*** Block opens ***

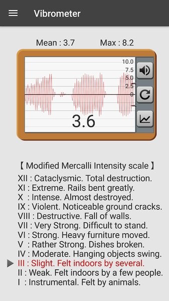 测量值与修正 Mercalli 强度量表 (MMI) 相关。如果不准确,您可以对其进行校准,使最大值约为 10-11。
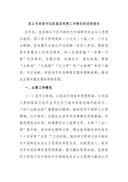 / 【七哥公文】2024年:某公司党委书记抓基层党建工作情况的述职报告+更多免费公文+VX:QiGeGongWen2024
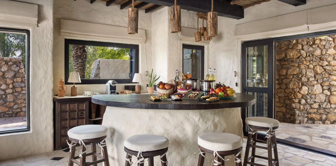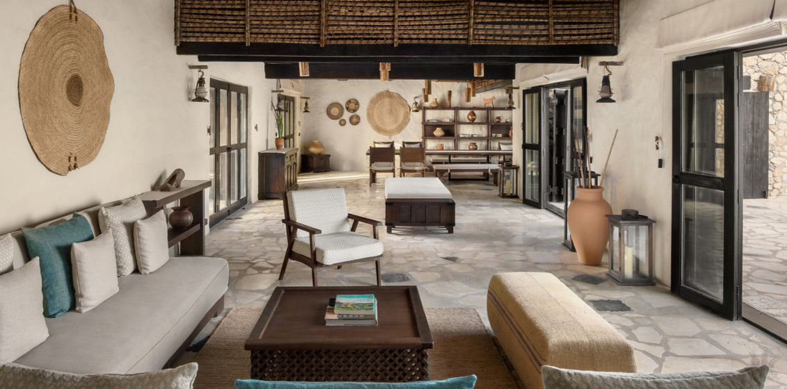Inspired by the beauty of Zighy Bay, palm leaf and wicker designs are intricately crafted into the interiors. All three villas were fitted with furnishings sourced from South Africa, Lebanon, India, and the UAE, giving them a modern take on their rustic design. From handwoven fabrics for cushions and throws to rugs and wall furnishings, each piece was handpicked by the team to add to the warmth of the room.
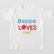 Beppe Loves Me T-shirts, cards, stickers, bodysuits bags, and more with colourful red, yellow, and blue text and heart design. These Beppe Loves me apparel and gift items will make beppe smile!
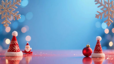 A Christmas-themed background featuring blue-wrapped gifts, pine branches, ornaments, and festive decorations on a blue surface. The image captures the holiday spirit and winter celebrations.
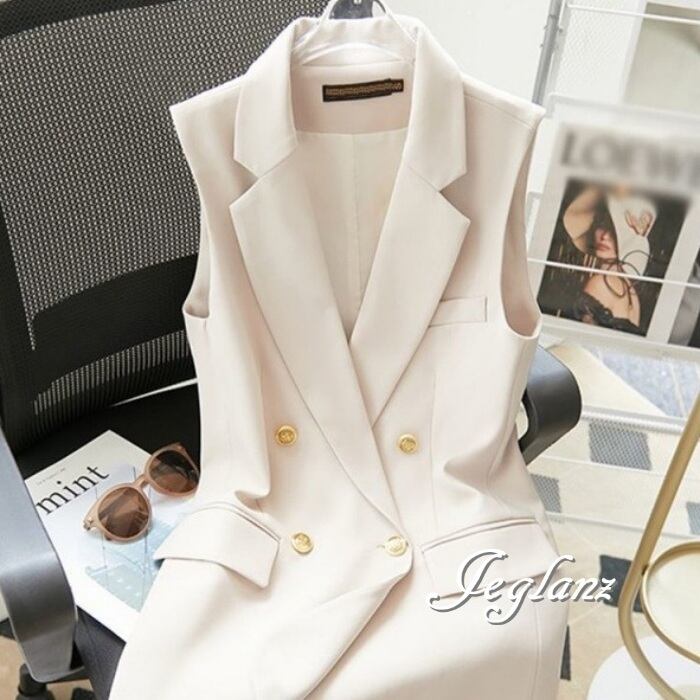 ロングジレ ロングベスト ダブルブレスト エッジィ 3色 ♪(MA756)τ
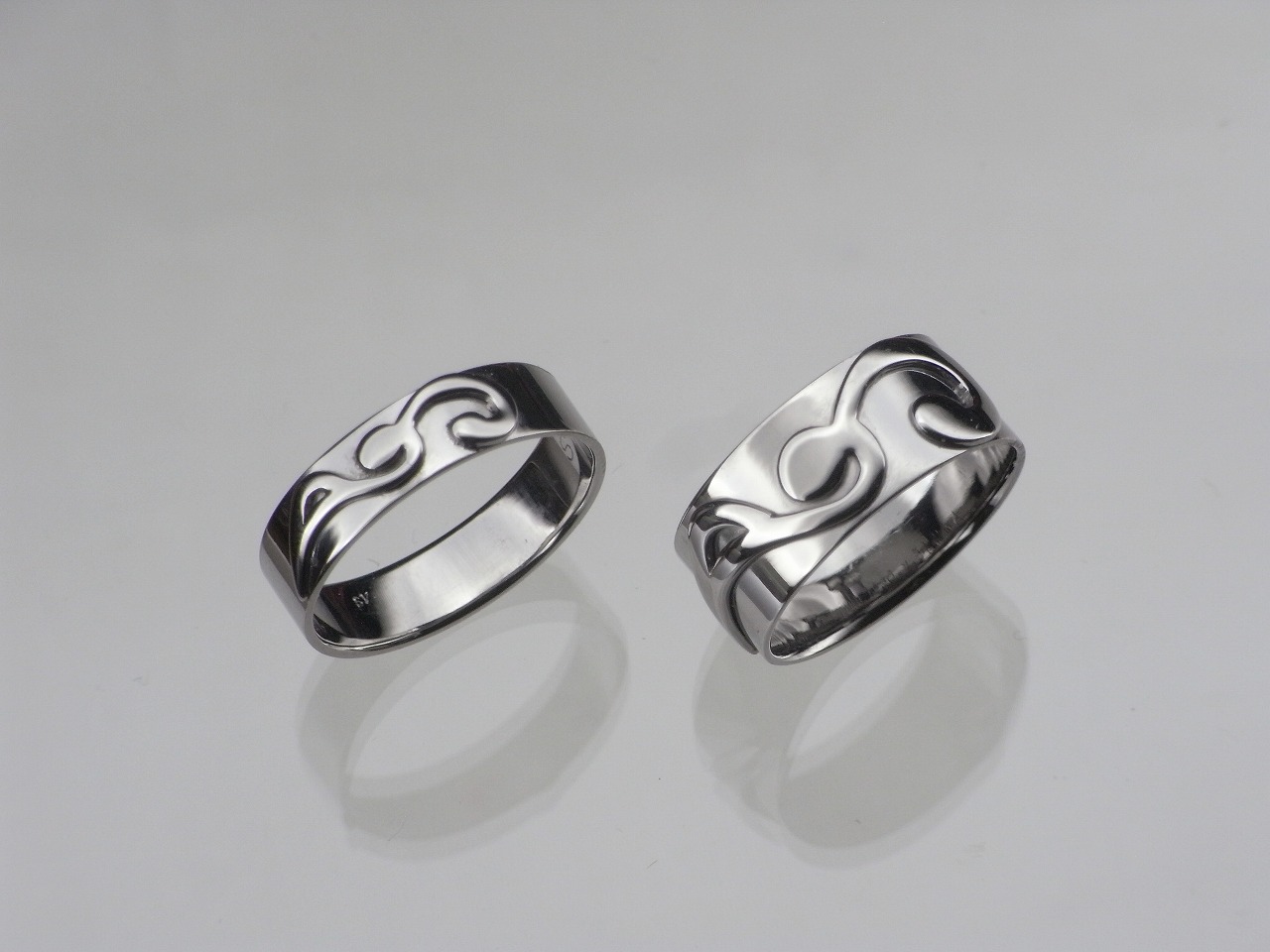 音符のペアリング K様 音符のペアリング K様 素材:Silver 大阪府のお客様 音符のペアリング K様 素材:Silver お客様がデザインされた音符のイラストをもとに制作しました。 指輪の幅は音符に合わせています。 変色防止の為のロジウムコーティングを施しました。 大阪府のお客様
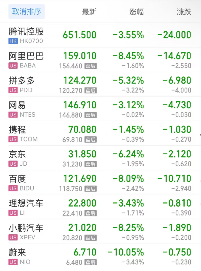 上周五热门中概股方面,腾讯控股(港股)跌3.55%,阿里巴巴跌8.45%,拼多多跌5.32%,网易跌3.12%,携程跌1.45%,百度跌8.09%,理想汽车跌3.43%,小鹏汽车跌8.25%,蔚来跌10.05%。

*** Block closes ***

**What the exercise asks:**
Beginning with the line that contains "Inspired by the" and ending with the last line of the data, transcribe each line exactly; pictures stay out.

**Solution to this exercise:**
Inspired by the beauty of Zighy Bay, palm leaf and wicker designs are intricately crafted into the interiors. All three villas were fitted with furnishings sourced from South Africa, Lebanon, India, and the UAE, giving them a modern take on their rustic design. From handwoven fabrics for cushions and throws to rugs and wall furnishings, each piece was handpicked by the team to add to the warmth of the room.
 Beppe Loves Me T-shirts, cards, stickers, bodysuits bags, and more with colourful red, yellow, and blue text and heart design. These Beppe Loves me apparel and gift items will make beppe smile!
 A Christmas-themed background featuring blue-wrapped gifts, pine branches, ornaments, and festive decorations on a blue surface. The image captures the holiday spirit and winter celebrations.
 ロングジレ ロングベスト ダブルブレスト エッジィ 3色 ♪(MA756)τ
 音符のペアリング K様 音符のペアリング K様 素材:Silver 大阪府のお客様 音符のペアリング K様 素材:Silver お客様がデザインされた音符のイラストをもとに制作しました。 指輪の幅は音符に合わせています。 変色防止の為のロジウムコーティングを施しました。 大阪府のお客様
 上周五热门中概股方面,腾讯控股(港股)跌3.55%,阿里巴巴跌8.45%,拼多多跌5.32%,网易跌3.12%,携程跌1.45%,百度跌8.09%,理想汽车跌3.43%,小鹏汽车跌8.25%,蔚来跌10.05%。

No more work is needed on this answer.